= Lokomotiv-Versuchsamt Grunewald =

Railway vehicle trial facility in Berlin-Grunewald, Germany

The Lokomotiv-Versuchsamt Grunewald or LVA ('Grunewald Locomotive Research Office') was a facility established from 1920 to 1945 at Berlin-Grunewald in Germany that conducted trials on railway vehicles. The office used the facilities of the railway repair shop (Ausbesserungswerk) at Grunewald on the Berlin Stadtbahn southwest of Berlin's Westkreuz station.

== History ==
After the Deutsche Reichsbahn-Gesellschaft was founded in 1925 the Railway Central Office (Eisenbahn-Zentralamt or EZA) that had existed since 1906 was renamed to the Reichsbahn Central Office (Reichsbahnzentralamt or RZA). Amongst other things, they carried out numerous trials on steam locomotives and created the scientific basis for the performance measurement of railway vehicles.
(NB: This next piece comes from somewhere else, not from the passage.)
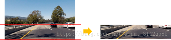 第二步,对图像进行截取,由于获取到的图像中一半为天空及背景:基于这个先验知识,预先对图像进行截取,可以为后面更准确定位车道线奠定基础。

From 1920 they were supported by the Lokomotiv-Versuchsamt Grunewald, a locomotive trials office based at the main railway workshop at Grunewald. In 1936 there were 152 employees working for this research establishment.

In 1945 the work at Grunewald ended, due to the war, and was continued in East Germany at RAW Dessau as well as in Halle, and in West Germany initially at Göttingen, and later in Minden and München.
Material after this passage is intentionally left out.